Body doubling. Trabajar con alguien al lado. No necesariamente en lo mismo. Solo que haya otra persona trabajando. Su energía de trabajo te contagia la activación que tu cerebro no genera solo. Suena raro. Funciona.
¿Por qué a los demás no les pasa?
Les pasa a algunos. Pero no a este nivel. No cada día. No con esta intensidad.
La diferencia es que tu cerebro tiene un sistema de activación que necesita más combustible para ponerse en marcha. Es como la diferencia entre un mechero y una hoguera. El mechero enciende con un click. La hoguera necesita yesca, papel, cerillas, y soplar un buen rato.
Y no es que tu fuego sea peor una vez que arde. De hecho, cuando arrancas muchas veces rindes más que los demás. Algunos días vuelas y otros te arrastras, pero los días que vuelas eres una máquina. El problema no es la potencia. Es el arranque.
Eso que sientes de que todo te cuesta más que a los demás empieza a primera hora de la mañana. Desde el minuto cero del día ya estás gastando más energía que los demás solo para hacer lo mismo.
Puede que haya una razón
Esa dificultad para iniciar tareas, esa hora fantasma de cada mañana, esa sensación de que tu motor no arranca sin un empujón externo...

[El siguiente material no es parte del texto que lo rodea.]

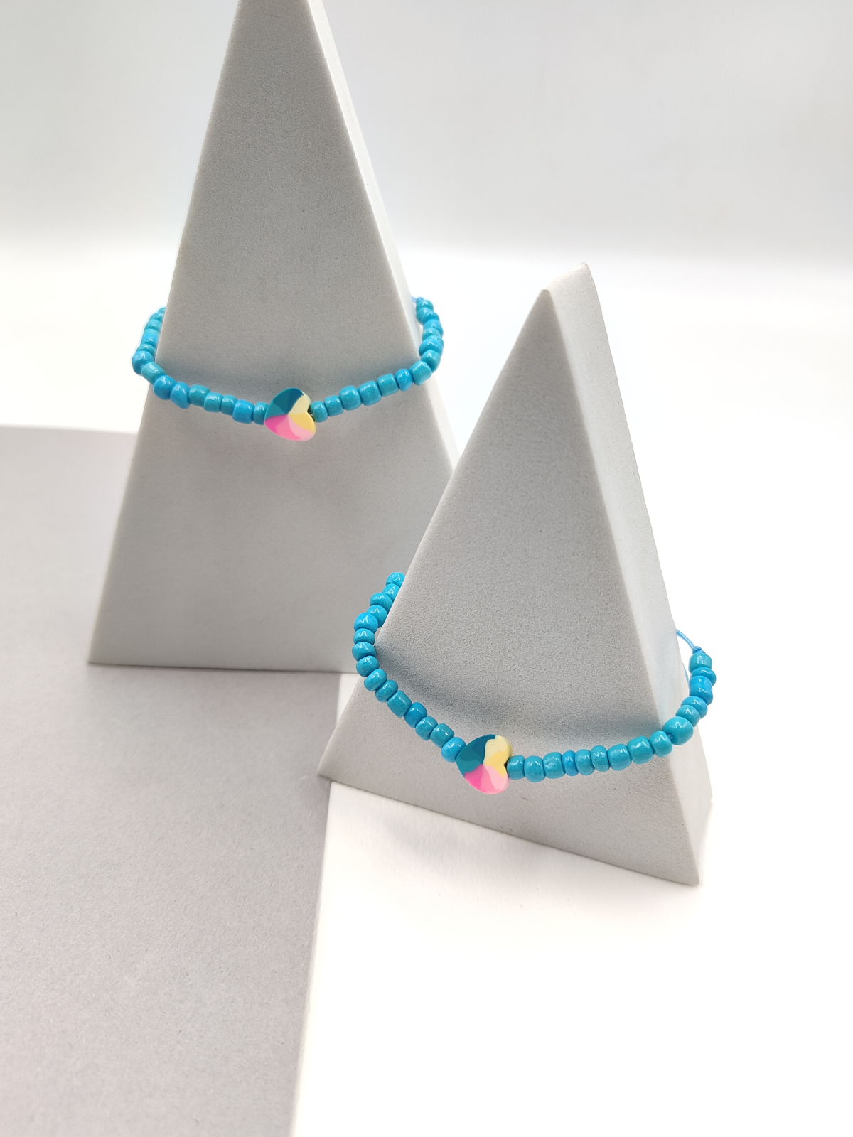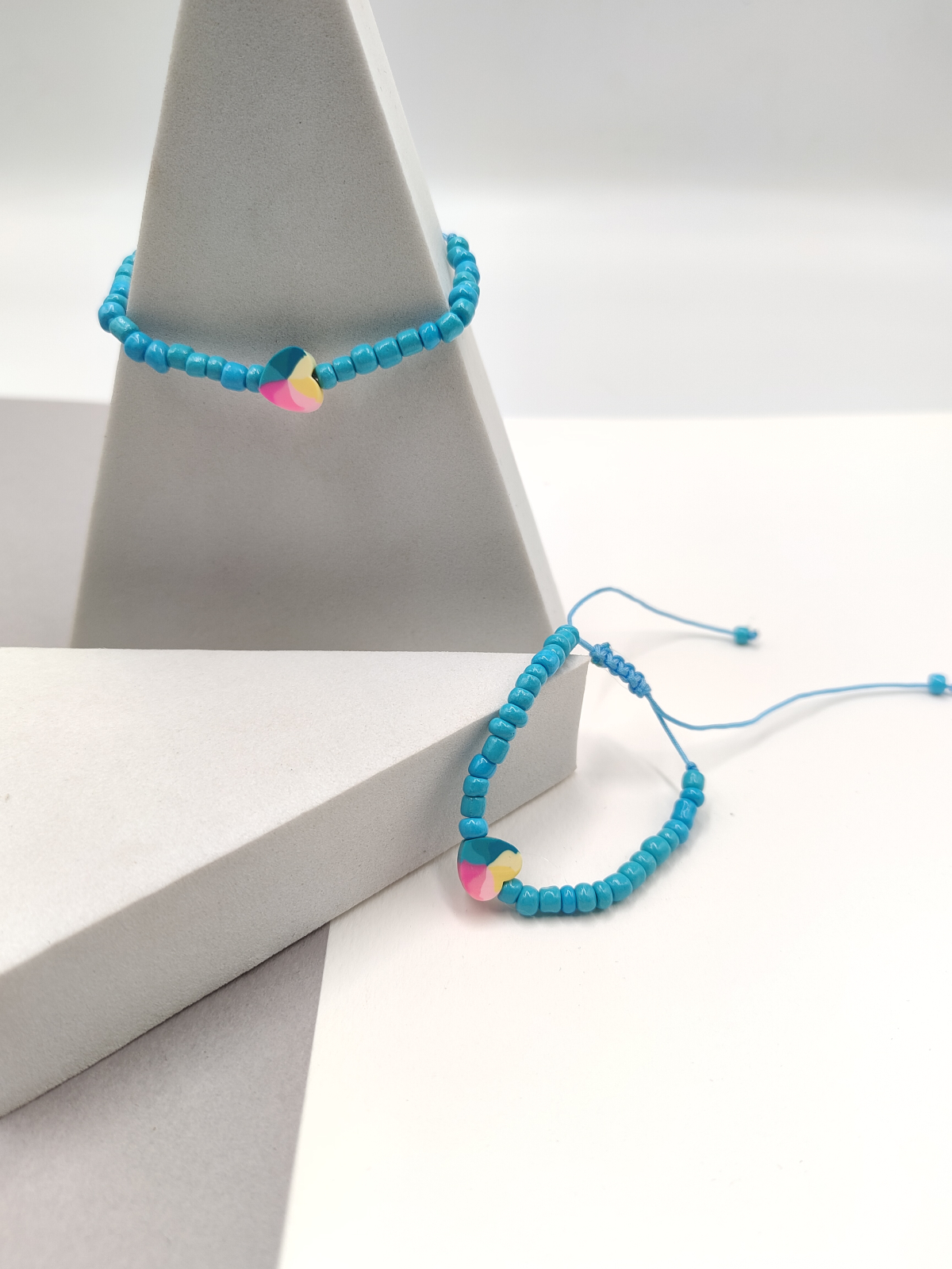 Βραχιόλι χειροποίητο με κορδόνι, γαλάζιες γυάλινες χάντρες και πολύχρωμη καρδιά από φίμο. Δέσιμο μακραμέ για αυξομείωση του μήκους.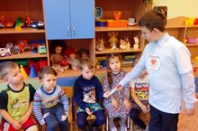 Тимуровский отряд 3б класса "Милосердие" провел вечер загадок и подарили свои "Книжки малышки" воспитанникам дошкольной группы. -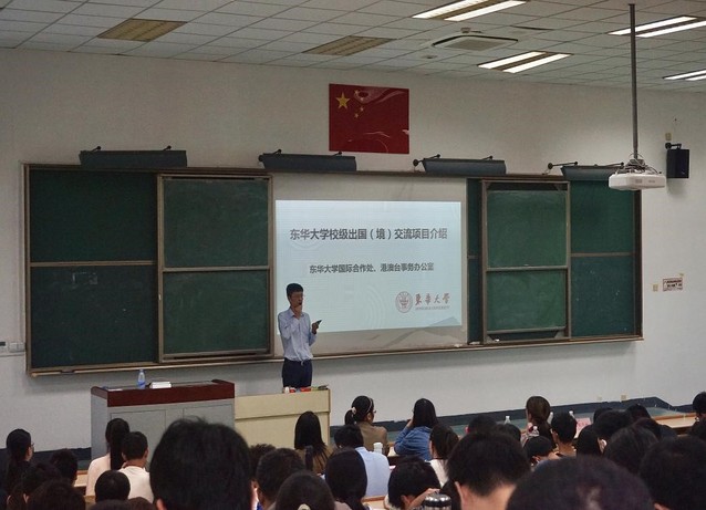 国际合作处副处长杨升元就学校国际合作处相关工作情况、学校留学合作交流工作的发展做了详细介绍。他指出,东华大学与国外多所世界前列的高校一直以来都有着深入的学生交流合作并不断推进交流的多样化。他鼓励同学们参与到更多交流项目中去了解海外院校学习环境、丰富自身教育经历并逐步提升跨文化交流能力及创新能力。

En muchos adultos esto es un síntoma directo de TDAH. Los profesionales lo llaman "déficit en la iniciación de tarea", y es una de las manifestaciones más comunes del TDAH inatento en adultos. No es pereza. No es falta de disciplina. Es que el circuito que conecta "quiero hacer" con "estoy haciendo" tiene un cortocircuito.
No te estoy diagnosticando. Esto no sustituye a un psicólogo o psiquiatra. Pero si cada mañana es una batalla para arrancar aunque tengas deadlines y adrenalina esperándote, puede que haya algo más que "no soy persona de mañanas".